Читать книгу Амазонки и странники - Юлия Большакова - Страница 5
ПРОЛОГ
ночь с 21 на 22 сентября
ОглавлениеМы попали, похоже, в самый клюквенный сезон. К ночи вокзал Новосибирск-Главный начали заполнять группы характерно выглядящих мужчин: теплая не по сезону одежда, сосредоточенное выражение трезвого лица и огромный рюкзак за спиной, в котором угадывались очертания короба высотой в человеческий рост – короба для ягоды. Народ все был как на подбор – крупный, лет 30 – 45, добротно одетый и чрезвычайно, скажем так, решительный. Мы с девушками затерялись в этой толпе, как болонки в своре диких псов. Крошечная станция Кокошино стала на эту ночь воплощением Мекки и Земли обетованной вместе взятых. Билетов на электрички в западном направлении было не достать. Я слышал, как одна из групп сборщиков ягоды всерьез обсуждала вариант: сесть на скорый поезд до Москвы и в нужный момент сорвать стоп-кран. Сашка, уже не в первый раз отправлявшийся по этому маршруту, чувствовал себя, как рыба в воде, и непринужденно делился информацией с этими кошмарными людьми с интеллигентными лицами. В какой-то момент он исчез, и я уже было подумал, что он уехал без нас, но он, все-таки, выскочил, как черт из табакерки, и сообщил:
– Вперед, на пятнадцатый перрон. К барабинскому поезду прицепят дополнительный вагон. Ходу, барышни, ходу! Один вагон прицепят, а не состав, никто не будет уступать вам места…

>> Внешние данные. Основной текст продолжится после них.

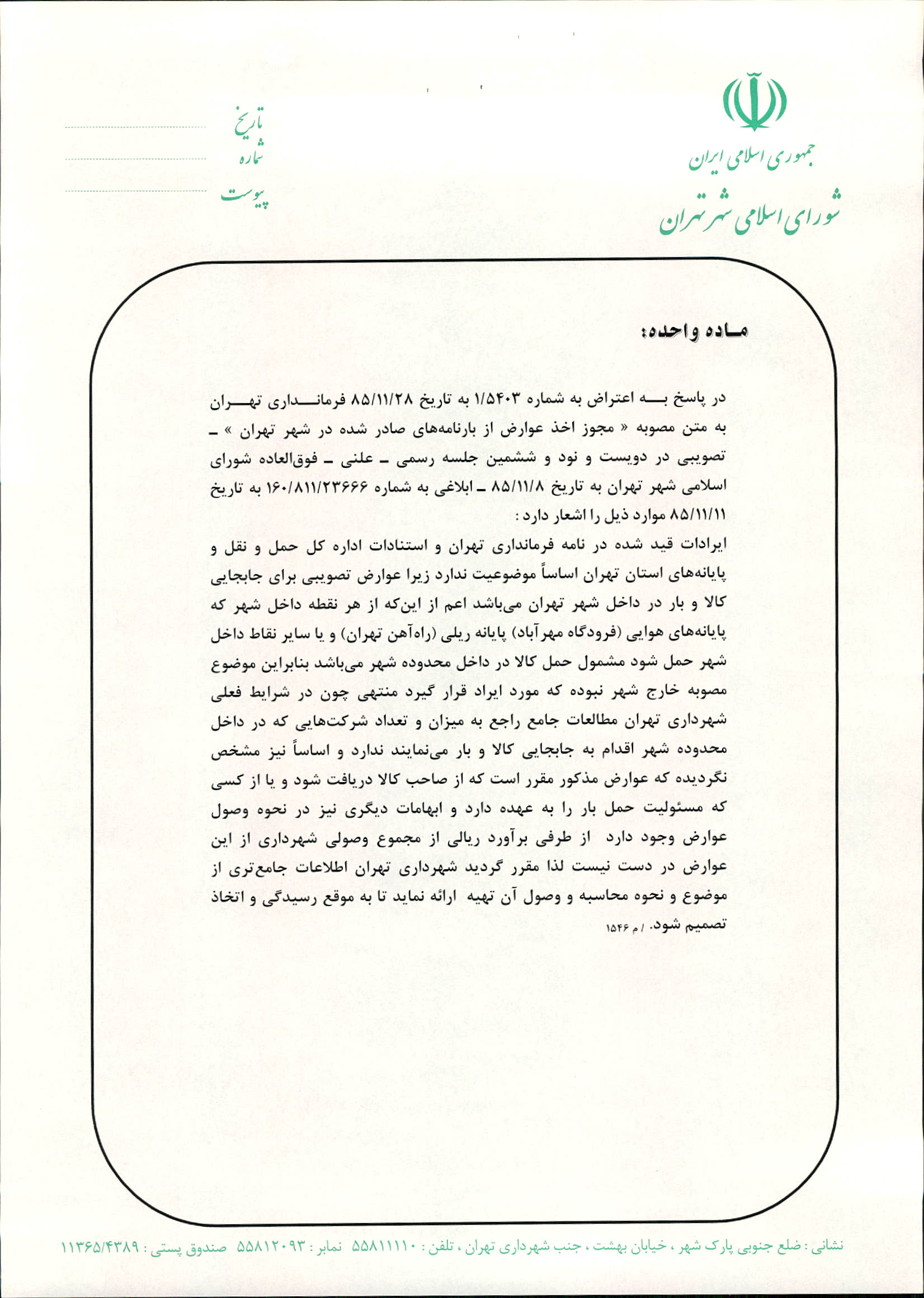 جوابيه شوراي اسلامي شهر تهران به اعتراض فرمانداري تهران به شماره 1/5403 به تاريخ 85/11/28 به متن مصوبه «مجوز اخذ عوارض از بارنامههاي صادر شده در شهر تهران» -تصويبي در دويست و نود و ششمين جلسه رسمي- علني-فوقالعاده شوراي اسلامي شهر تهران (دور دوم) به تاريخ 85/11/8 ابلاغي به شماره 160/811/23666 به تاريخ 85/11/11

Нужно сказать, что присутствие девушек произвело на охотников за ягодой сильное и неоднозначное впечатление. Когда мы залезли в вагон и все вчетвером уселись на одну боковую скамейку, сборщики оглядели нас озадаченно и без всякой просьбы с нашей стороны убрали из-под наших ног свои огромные рюкзаки. В дороге страшные люди смотрели на девушек испуганно и то и дело умолкали на полуслове, когда в разговоре вылетало матерное словечко. Наконец Елена не выдержала и попросила соседей по вагону не беспокоиться, потому что она по первой специальности – филолог, так что запретных слов для нее не существует. Ее выступление произвело на окружающих совершенно гнетущее впечатление. Все и без того говорили тихо, а теперь и просто стали шептать вполголоса, соединив головы. Я с трудом ловил обрывки разговоров, боясь упустить полезную информацию о месте, куда мы направлялись. Все говорили о том, кто сколько в этом и в прошлом году «нарезал» и «вынес». Мучительно прислушиваясь на протяжении получаса, я понял, наконец, что в этих краях грибы «режут» – как поросят, а клюкву «выносят» – как бедствие.

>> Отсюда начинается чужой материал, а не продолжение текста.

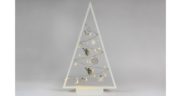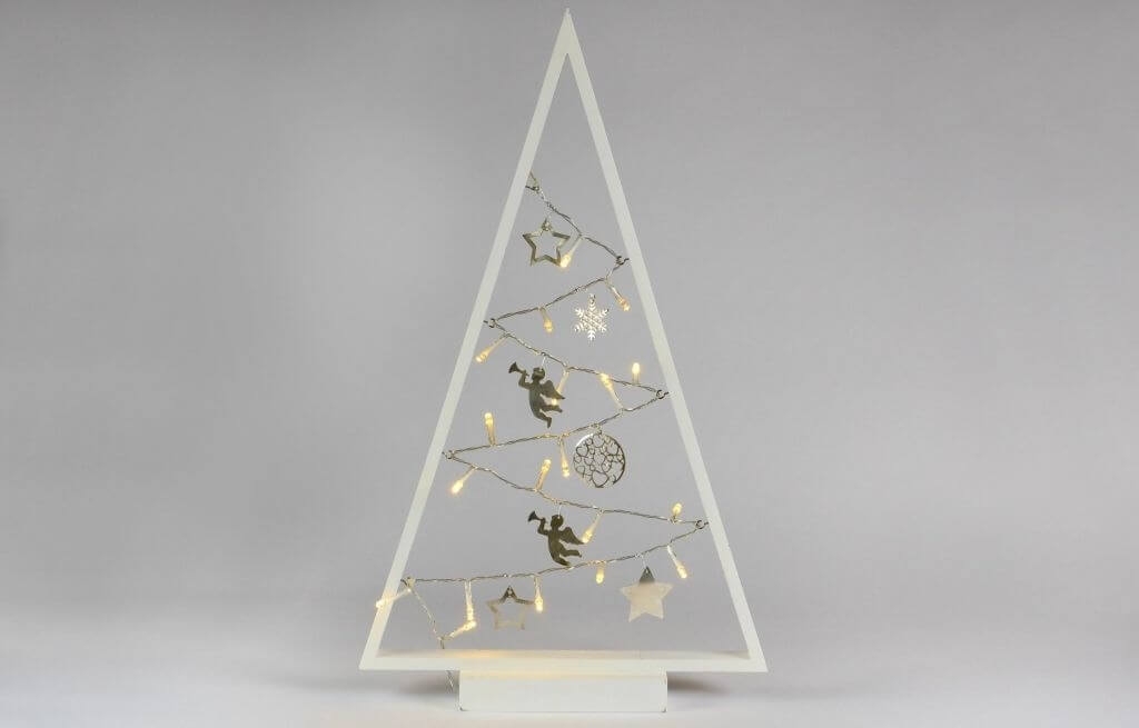 - materiál: biele drevo, LED reťaz, strieborné kovové prívesky
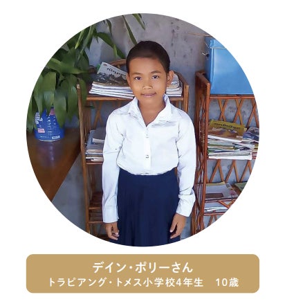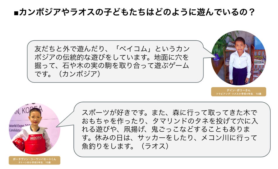 「近所の友だちとサッカーをするのが僕のお気に入りの時間です。たまに友だちとメコン川に行き、魚釣りをします。釣った魚は家の食卓に上ります。」

Стоп-кран нашим попутчикам срывать не пришлось. В Кокошино поезд остановился добровольно, но только на одну минуту. Среди ночи, практически в полной тьме, хаотично разрезаемой лучами редких фонариков, за одну минуту нужно было опустошить вагон, набитый людьми и рюкзаками. Во время высадки я получил две здоровенные шишки и сильно ободрал кисть руки, Сашка же вообще вылетел на насыпь головой вперед. Девочек и рюкзаки, где у нас были в числе прочего, диктофоны и фотоаппараты, удалось сохранить в относительной невредимости.
Станция Кокошино занимает крошечный домишко в одну комнату, где стоят две лавки, обитые дерматином. В считанные минуты домишко и все прилегающее пространство вокруг было набито народом и рюкзаками. Здесь, где толпа не была разбавлена посторонней публикой, как на новосибирском вокзале, однородность ее чувствовалась еще более остро. Кто-то уже развел костерки вокруг станции и народ уселся вокруг закусывать и греться водкой. На улице становилось очень холодно, гораздо холоднее, чем было ночью в городе. Счастливчики, которым досталось место в помещении, беспечно улеглись спать прямо на полу, среди островов рюкзаков и баулов. Никто не знал точно, когда появится поезд, но у каждой компании были свои впередсмотрящие и дозорные.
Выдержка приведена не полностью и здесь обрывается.